Medical (Non-Surgical) Therapy

  • Selective estrogen receptor modulators (SERMs) — clomiphene, tamoxifen. They antagonise estrogen receptors at the hypothalamus/pituitary, raising GnRH → LH/FSH → testosterone (and sperm counts), with a greater testosterone rise than anastrozole. Clomiphene (25 mg up to 100 mg daily) is the most-used agent for hypogonadism when fertility must be preserved, though it is off-label (not FDA-approved in males); enclomiphene is the side-effect-sparing stereoisomer in development. Consider SERMs for low testosterone with a borderline-high FSH ("lazy pituitary").
  • Aromatase inhibitors (anastrozole, letrozole) — block conversion of testosterone to estradiol, useful in men with testosterone deficiency and elevated estradiol (a low T:E ratio <10, as in obesity or Klinefelter); off-label, with a theoretical risk of reduced bone density.
  • GonadotropinshCG mimics LH to drive Leydig-cell (intratesticular) testosterone; it is FDA-approved for pituitary hypogonadism (e.g. Kallmann) and works best with a pre-treatment testis length >4 cm, often given alone for 3–6 months before adding FSH. FSH alone does not induce spermatogenesis without adequate intratesticular testosterone. hCG can cause gynecomastia in up to one-third (treat with anastrozole); pulsatile GnRH is not approved in the US/Europe.
  • Growth hormone (via IGF-1, off-label) and supplements/antioxidants (questionable clinical utility) round out the options.

Treatment Selection

  • Do not prescribe testosterone monotherapy to a man interested in current or future fertility — its negative feedback suppresses gonadotropins and spermatogenesis (recovery after stopping takes months, rarely years).
  • Hyperprolactinemia — treat the underlying cause.
  • Secondary (hypogonadotropic) hypogonadism — deficient LH/FSH. Idiopathic/congenital (Kallmann) responds to exogenous gonadotropins; first-line is hCG (1,500–2,500 IU twice weekly, response proportional to baseline testis size), adding FSH after testosterone normalises.

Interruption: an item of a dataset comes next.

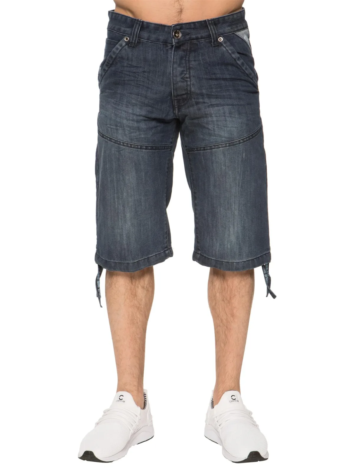 Enzo heren designer knielengte denim shorts in steen, 2 voorzakken, 2 achterzakken, knoopsluiting, 65% katoen, 35% polyester, machinewasbaar, ideaal voor informele gelegenheden.

For acquired causes, treat the underlying disorder first; SERMs are an off-label alternative (ineffective if the pituitary itself is damaged, e.g. post-resection).
  • Infertile men with low testosterone (low/normal LH) — use AIs, hCG, or SERMs (alone or combined) to raise endogenous testosterone without impairing spermatogenesis: AIs if estradiol is elevated, hCG or SERMs if LH is low/normal; an elevated LH (primary hypogonadism) predicts a limited response.
  • Idiopathic infertility — SERMs offer limited benefit relative to ART (IVF gives higher pregnancy rates); an FSH analogue may be considered.
  • Non-obstructive azoospermia — optimise spermatogenesis before surgical sperm retrieval, though the data for SERMs/AIs/gonadotropins beforehand are limited.

Self-Test

1. What are the different classes of medications used to treat male infertility? Selective estrogen receptor modulators (clomiphene, tamoxifen), aromatase inhibitors (anastrozole, letrozole), gonadotropins (hCG, FSH, GnRH), and growth hormone.